19 I come then to the exercise of my discretion under s 441D(2). In exercising that discretion I bear in mind the shortness of the remaining duration of the administration and the protection afforded to the plaintiff, whether the DCA comes into effect or not and whether the sale agreement comes into effect or not, as discussed above. I also bear in mind that the general policy of the Law is to permit companies to be returned to viability or, as in this instance, to arrange for enterprises which companies have conducted to be disposed of as going concerns so as to effect the greatest return to the creditors and contributories, particularly as compared with the result of a fire sale. In this regard, there is evidence as to the value of the machine which it has not been necessary for me to advert to previously. Such machines are apparently in demand and this one will not be reduced to scrap value by being taken out of its present use in this colliery. However, it is common ground that the value of the machine on the open market outside the colliery is considerably less than it is in situ in this colliery on a going concern basis.
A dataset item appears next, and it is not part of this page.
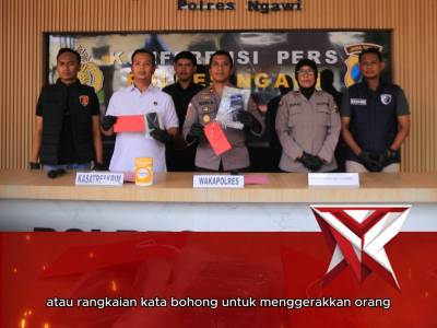 KONTEN 2 : KONFERENSI PERS PERBUATAN CURANG GOPAYMar 03, 2026 17:19 - Berita - 4 viewsPolres Ngawi di bawah kepemimpinan Kapolres Prayoga Angga Widyatama, S.I.K., M.Si., berhasil mengungkap kasus perbuatan curang dengan modus mengaku sebagai sales mitra aplikasi Gopay dan Dana. Satreskrim Polres Ngawi bergerak cepat hingga berhasil menang... -

In addition, there are the costs of its removal from the colliery, the estimates of which vary from some tens of thousands of dollars well into six figures. It is true that special provision is made by the Law for the position of secured creditors who have commenced enforcement action before the administration. One of the special things they are given is the requirement of protection in s 441D(3). But once that is satisfied, it seems to me that the general policy of this Part of the Law, although it does not entirely govern the situation, is a factor to be taken into account in exercising the discretion under s 441D(2) when it arises. Taking all the above factors into account, I have decided, in this case, to exercise the discretion by making an appropriate order under s 441D(2) upon the giving of an undertaking to the Court by the administrator in the form set out above.
20 Short minutes to effect this decision should be brought in.